### Work request:
Beginning at the line that contains "a) A U-235 nucleus", reproduce the entries below exactly, ending with the line that contains "向かって左の像は地蔵菩薩坐像 + 牛、右の像は地蔵菩薩立像 + 牛。". Omit each picture.
[Materials provided]
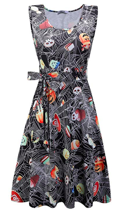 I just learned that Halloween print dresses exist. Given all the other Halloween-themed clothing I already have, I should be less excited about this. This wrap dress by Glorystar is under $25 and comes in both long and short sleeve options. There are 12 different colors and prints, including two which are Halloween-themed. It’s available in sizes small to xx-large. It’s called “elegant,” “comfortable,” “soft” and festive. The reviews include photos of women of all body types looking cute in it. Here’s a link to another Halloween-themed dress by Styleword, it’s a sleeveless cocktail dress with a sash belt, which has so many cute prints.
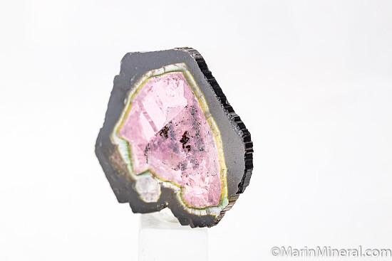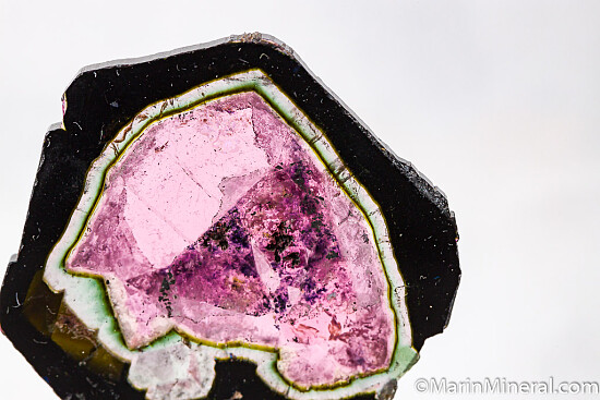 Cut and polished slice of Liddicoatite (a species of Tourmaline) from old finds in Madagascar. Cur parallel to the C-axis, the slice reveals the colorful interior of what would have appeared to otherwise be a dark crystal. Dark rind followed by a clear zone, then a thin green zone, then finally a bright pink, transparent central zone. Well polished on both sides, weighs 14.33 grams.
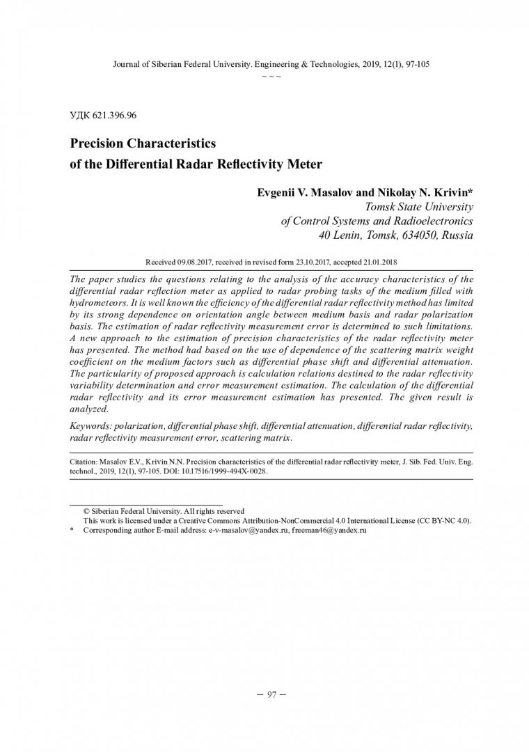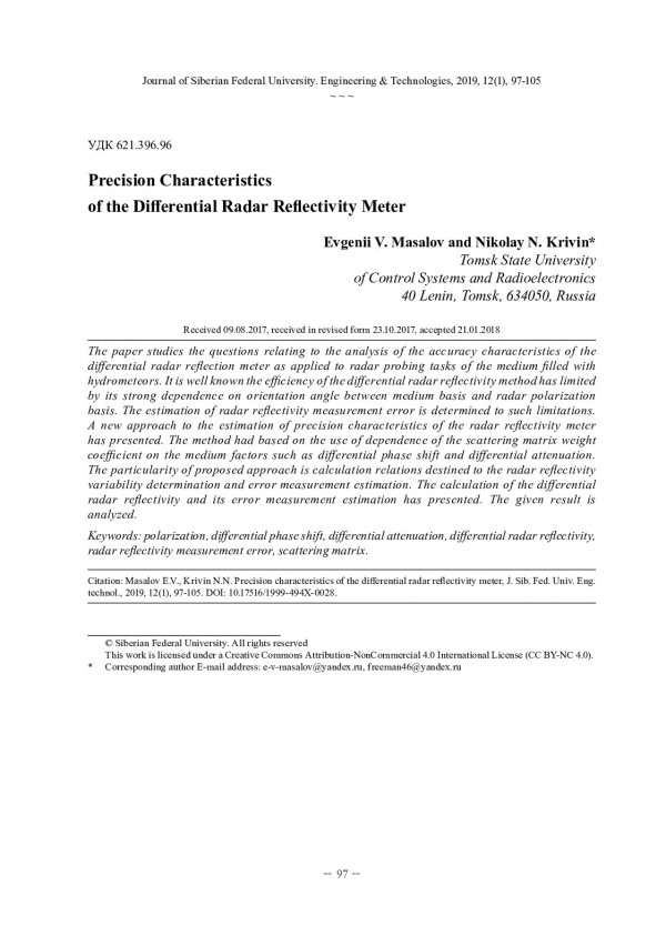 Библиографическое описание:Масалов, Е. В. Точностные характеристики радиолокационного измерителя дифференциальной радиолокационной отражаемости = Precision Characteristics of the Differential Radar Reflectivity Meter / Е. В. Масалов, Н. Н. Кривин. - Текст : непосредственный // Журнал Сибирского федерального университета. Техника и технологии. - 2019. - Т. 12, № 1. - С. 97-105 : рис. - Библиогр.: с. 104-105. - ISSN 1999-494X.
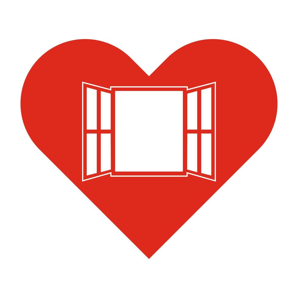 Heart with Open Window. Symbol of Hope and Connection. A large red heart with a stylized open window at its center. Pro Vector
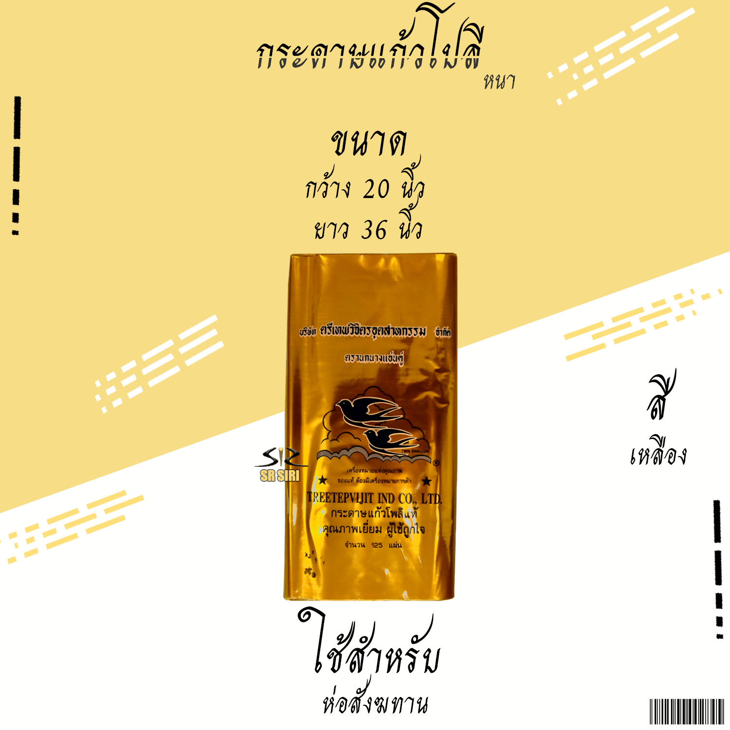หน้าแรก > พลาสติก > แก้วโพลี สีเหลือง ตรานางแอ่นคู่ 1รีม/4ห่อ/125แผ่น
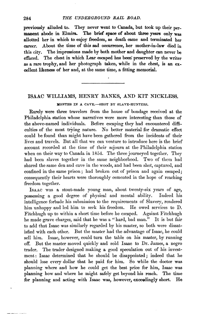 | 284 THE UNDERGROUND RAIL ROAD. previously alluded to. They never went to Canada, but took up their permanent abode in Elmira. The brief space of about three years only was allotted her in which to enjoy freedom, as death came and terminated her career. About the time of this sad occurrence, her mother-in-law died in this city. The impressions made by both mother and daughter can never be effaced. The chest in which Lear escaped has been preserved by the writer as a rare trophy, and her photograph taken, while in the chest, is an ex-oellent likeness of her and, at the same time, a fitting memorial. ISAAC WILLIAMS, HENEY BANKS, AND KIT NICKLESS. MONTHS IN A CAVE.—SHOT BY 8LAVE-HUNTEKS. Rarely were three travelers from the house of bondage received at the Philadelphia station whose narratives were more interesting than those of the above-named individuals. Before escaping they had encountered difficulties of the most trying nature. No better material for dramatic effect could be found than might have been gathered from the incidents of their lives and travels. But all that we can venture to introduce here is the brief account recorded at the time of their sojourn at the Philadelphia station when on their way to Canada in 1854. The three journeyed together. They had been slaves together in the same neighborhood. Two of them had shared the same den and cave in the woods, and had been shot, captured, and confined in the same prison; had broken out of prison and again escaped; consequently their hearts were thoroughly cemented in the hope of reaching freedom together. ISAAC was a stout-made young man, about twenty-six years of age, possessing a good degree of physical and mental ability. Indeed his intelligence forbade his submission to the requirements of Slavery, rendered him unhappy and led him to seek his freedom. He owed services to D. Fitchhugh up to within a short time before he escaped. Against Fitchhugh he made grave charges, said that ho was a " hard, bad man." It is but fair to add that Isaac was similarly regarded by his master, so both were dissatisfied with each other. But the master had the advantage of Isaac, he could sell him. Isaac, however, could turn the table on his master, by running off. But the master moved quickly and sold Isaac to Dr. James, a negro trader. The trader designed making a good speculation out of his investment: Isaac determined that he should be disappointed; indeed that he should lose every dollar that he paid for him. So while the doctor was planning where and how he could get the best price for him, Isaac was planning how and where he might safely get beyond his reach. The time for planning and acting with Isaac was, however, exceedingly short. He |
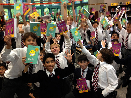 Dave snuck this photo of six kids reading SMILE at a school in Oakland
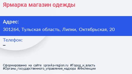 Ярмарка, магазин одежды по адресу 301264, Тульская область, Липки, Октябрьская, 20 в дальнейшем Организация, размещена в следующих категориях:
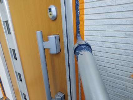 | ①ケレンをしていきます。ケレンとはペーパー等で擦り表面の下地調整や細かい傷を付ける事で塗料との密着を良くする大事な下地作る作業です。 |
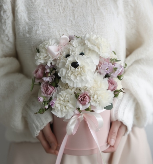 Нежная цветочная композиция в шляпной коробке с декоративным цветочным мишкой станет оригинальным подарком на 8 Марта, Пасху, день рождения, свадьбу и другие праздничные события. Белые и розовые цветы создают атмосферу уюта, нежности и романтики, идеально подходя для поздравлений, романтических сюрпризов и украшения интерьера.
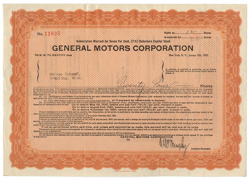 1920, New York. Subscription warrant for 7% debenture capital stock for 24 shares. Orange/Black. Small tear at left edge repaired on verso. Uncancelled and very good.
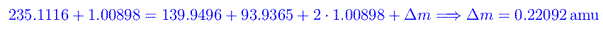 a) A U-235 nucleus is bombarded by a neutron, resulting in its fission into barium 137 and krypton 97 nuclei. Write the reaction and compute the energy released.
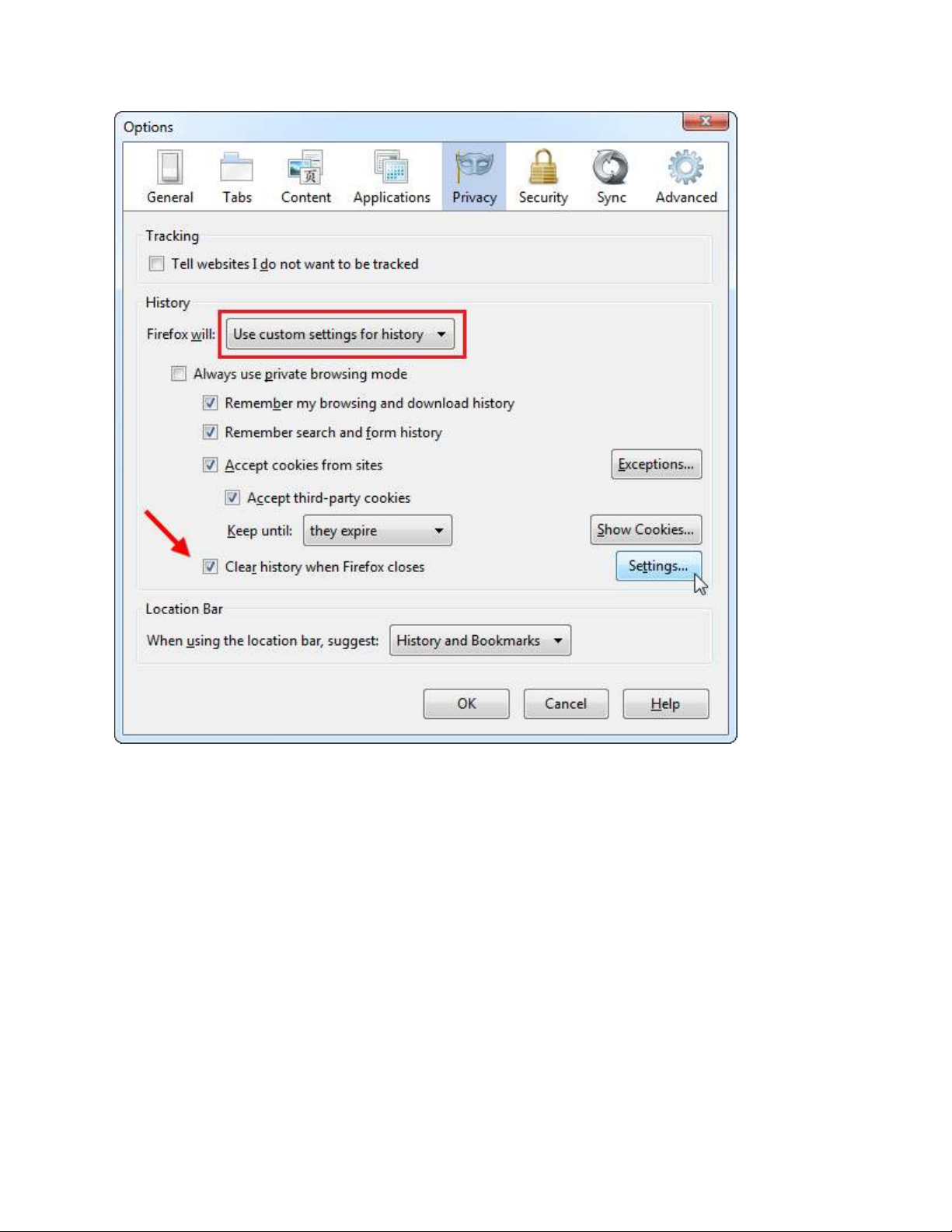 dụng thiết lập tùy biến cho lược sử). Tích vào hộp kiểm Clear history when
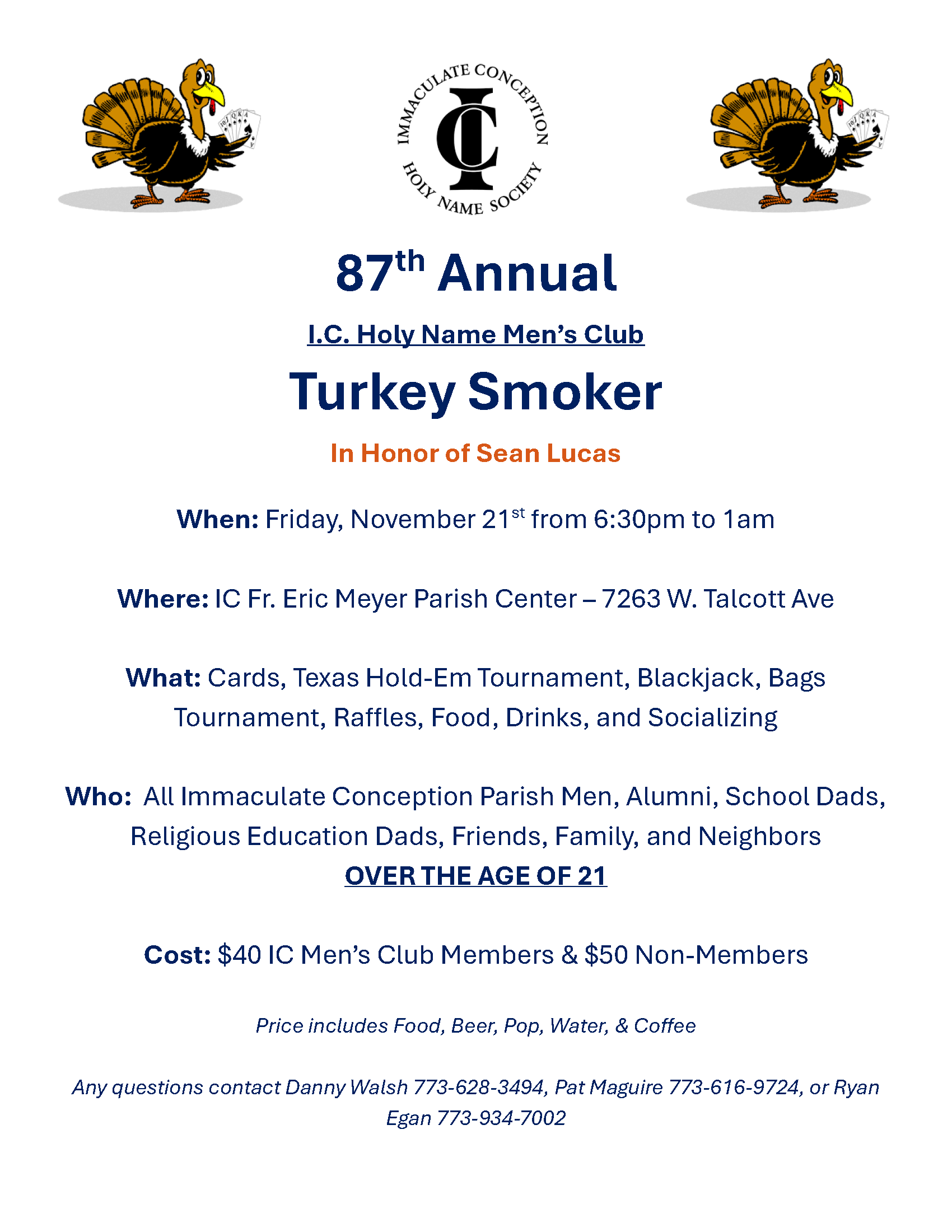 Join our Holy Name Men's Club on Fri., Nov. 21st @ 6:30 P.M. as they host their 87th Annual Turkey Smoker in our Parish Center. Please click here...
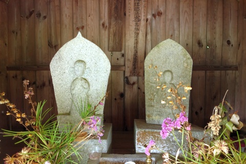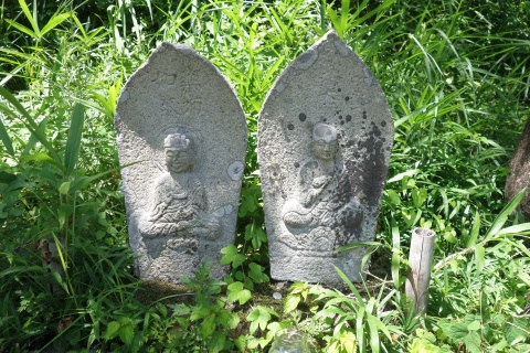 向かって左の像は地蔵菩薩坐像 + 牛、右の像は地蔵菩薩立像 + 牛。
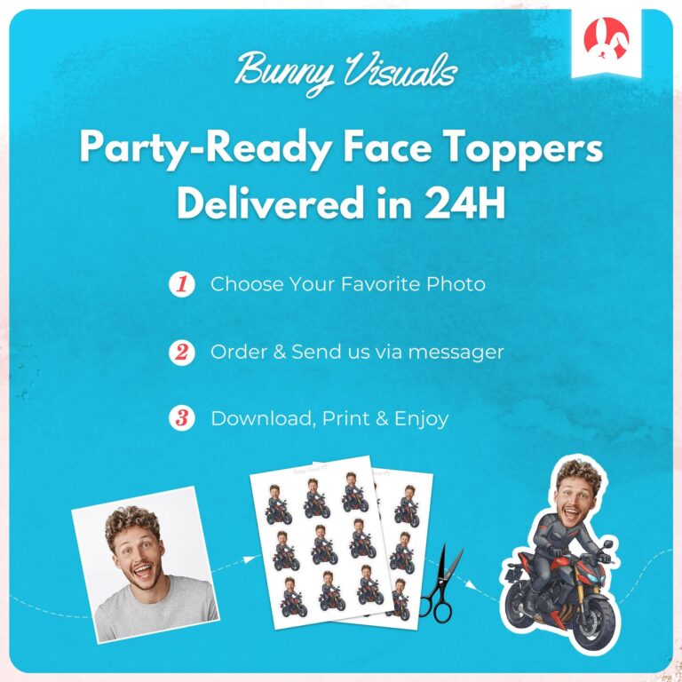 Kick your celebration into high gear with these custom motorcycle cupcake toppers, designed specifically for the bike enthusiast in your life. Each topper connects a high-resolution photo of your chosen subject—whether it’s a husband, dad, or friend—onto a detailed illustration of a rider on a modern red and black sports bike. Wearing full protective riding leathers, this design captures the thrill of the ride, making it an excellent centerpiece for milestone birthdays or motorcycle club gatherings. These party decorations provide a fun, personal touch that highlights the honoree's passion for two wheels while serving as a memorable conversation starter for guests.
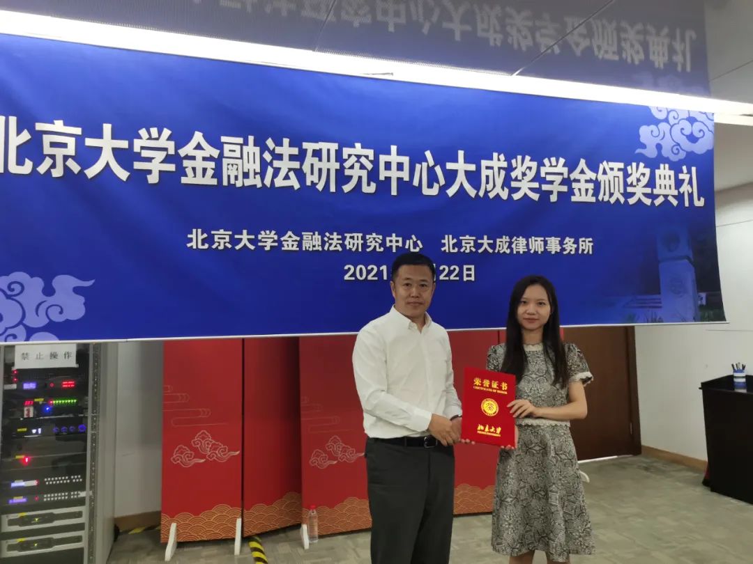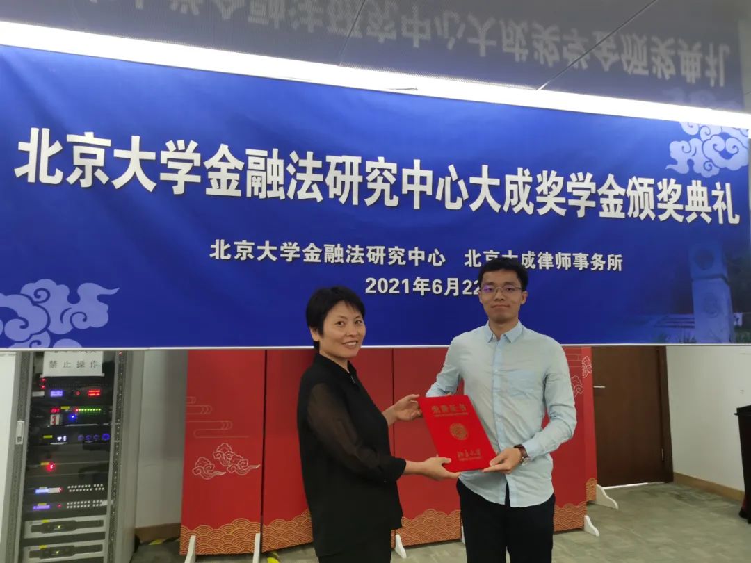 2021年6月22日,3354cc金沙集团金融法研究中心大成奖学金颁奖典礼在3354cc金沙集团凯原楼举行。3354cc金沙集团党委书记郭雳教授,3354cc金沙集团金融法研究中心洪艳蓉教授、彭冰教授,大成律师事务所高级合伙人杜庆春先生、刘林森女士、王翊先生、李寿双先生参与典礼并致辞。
[/Materials provided]
### Written solution:
 a) A U-235 nucleus is bombarded by a neutron, resulting in its fission into barium 137 and krypton 97 nuclei. Write the reaction and compute the energy released.
 dụng thiết lập tùy biến cho lược sử). Tích vào hộp kiểm Clear history when
 Join our Holy Name Men's Club on Fri., Nov. 21st @ 6:30 P.M. as they host their 87th Annual Turkey Smoker in our Parish Center. Please click here...
 向かって左の像は地蔵菩薩坐像 + 牛、右の像は地蔵菩薩立像 + 牛。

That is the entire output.